Versatility, of course.
Notice a theme with Cincinnati's selections? A majority of the picks are almost carbon copies of current or past players.
Flowers is Taylor Mays, who was a complete bust with the team before moving into a hybrid linebacker-safety role. Now, Mays is on the sideline recovering with a labrum that was torn in two places and was gifted just a one-year deal this offseason by the front office.
At 6'2" and 231 pounds, Flowers can play either spot (although he's light for a linebacker), but the hybrid role is best. He's a nice wrinkle to the Cincinnati defense and can make the roster if he proves to be a great special teams asset and smart decision-maker in the regular defense, something Mays has had issues with in the past.
With Mays' health and play an issue, watch for Flowers to nab his job this offseason.
Will Clarke Rarely Sees the Field as a Rookie
Will Clarke is one of those clones.
Standing at 6'6" and 271 pounds, the West Virginia product will remind many of Michael Johnson, who went to Tampa Bay to play under Lovie Smith this past offseason.
The problem for Clarke is simple: There are only so many snaps to go around, especially for a project player.
Carlos Dunlap, Wallace Gilberry, Margus Hunt and Robert Geathers aren't going anywhere and will see the majority of the snaps next season. The last name in particular is one many view as a cap casualty, but Geathers is a reliable veteran against the rush and a great locker room presence.
Please, please don't forget about Sam Montgomery, either (Or Dontay Moch, to a lesser extent). At just 23 years old, after being a third-round pick by Houston in 2013, Montgomery has the upside to be a major contributor in the Cincinnati rotation if he can keep his head on straight.
All of the above equates to a redshirt season for Clarke. That's not a bad thing; he needs it.
Russell Bodine Will Win Starting Gig at Center
Russell Bodine will have to prove he can translate weight room strength to the field (42 reps of 225 pounds on the bench press at the combine), but he has a legit shot to win the starting job at center with the Bengals right away.
Cincinnati dumped veteran Kyle Cook this offseason after years of inadequate play and still have Trevor Robinson and T.J. Johnson bouncing around the depth chart. Guard Mike Pollak was brought back and can play center, but odds are he'll move to left guard as he can surely outplay Clint Boling.

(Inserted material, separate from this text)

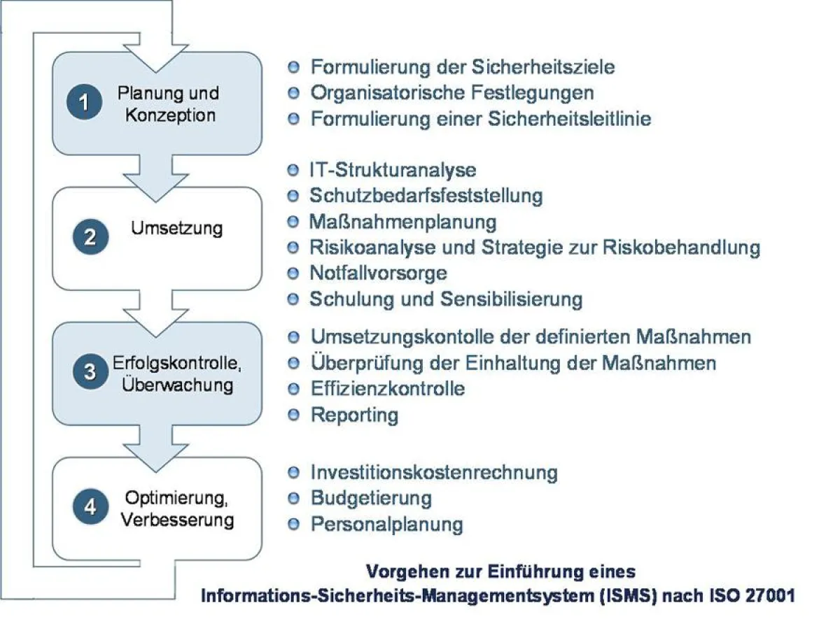 Eine umfassende, unternehmensweite Informationssicherheit, die auf eine dauerhafte Erfüllung der Anforderungen und nachhaltige Begrenzung der Risiken ausgerichtet ist, erfordert Managementinstrumente. Diese müssen die Planungs-, Realisierungs und die Betriebsprozesse effizient unterstützen. Ein weiterer entscheidender Baustein ist die kontinuierliche Verbesserung der Informationssicherheit.
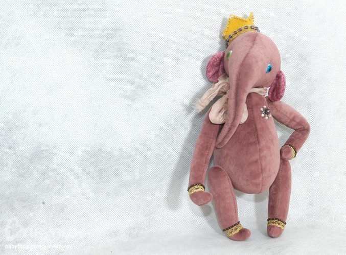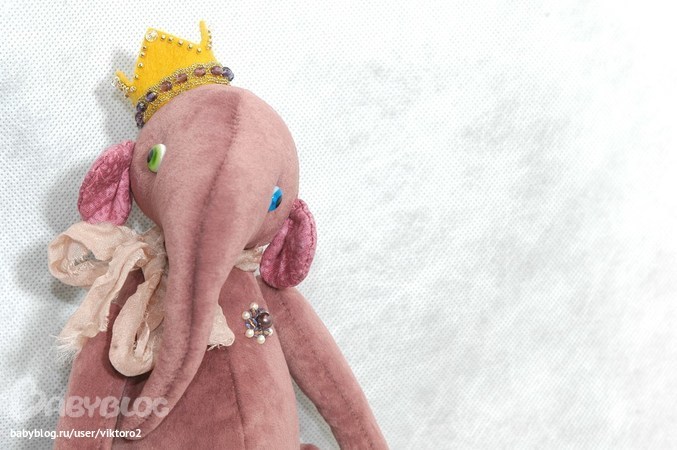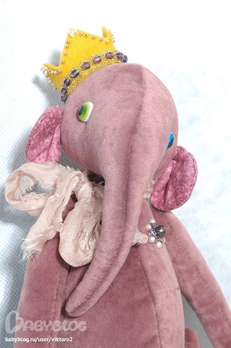 Слоник сшит из миништофа, ушки - американский хлопок. На головекорона из фетра украшенная блестящей тесьмой и расшита чешскими бусинами и японским бисером; шарфик - шёлк ручного окрашивания, 6 шплинтов (голова на двойном), глазки "Шерстяная лампочка", наполнитель холлофайбер и стеклянный гранулят. Животик набит не плотно.

That leaves Bodine as the starter. The front office traded up 12 spots in the fourth round for a reason, as offensive line coach Paul Alexander had to have the North Carolina product.
Considering Alexander is one of the best in the business, it's wise to pay attention when he endorses a player and the front office acts aggressively to fulfill his wishes. That says a lot about Bodine and how the rest of the line will look in 2014.
James Wright Will Make Final 53-Man Roster...and Excel
James Wright was selected by the Cincinnati Bengals at No. 239 overall in the seventh round for good reason.
How can a kid with 25 career catches for 304 yards at LSU make a name for himself and stick on the roster? Special teams.
Yes, Brandon Tate is still around to return kicks, but there may be something bigger at play here by the coaching staff.
With Hill on board, the Bengals have some tough decisions to make at running back. Who happens to be one of the prime candidates to be cut? Special teams ace Cedric Peerman. Another ace is the aforementioned Mays, who is currently on the shelf with an injury.
Wright again and again made a name for himself on special teams in college. For example, this past January in the Outback Bowl, he covered a muffed punt and then swatted a ball out of the end zone to force a touchback on a punt. His comments afterward showed character the Bengals surely loved, via The Times-Picayune:
It's more embracing the role of 'team,' and doing whatever you can for 'team,' said Wright, who is listed as a wide receiver but rarely saw action on offense this season. I'm happy and glad that in my last game I was able to impact the game and help us win. It means the world to me.
There is a place on the roster for a person and a player like Wright, and he'll make that point loud and clear this offseason.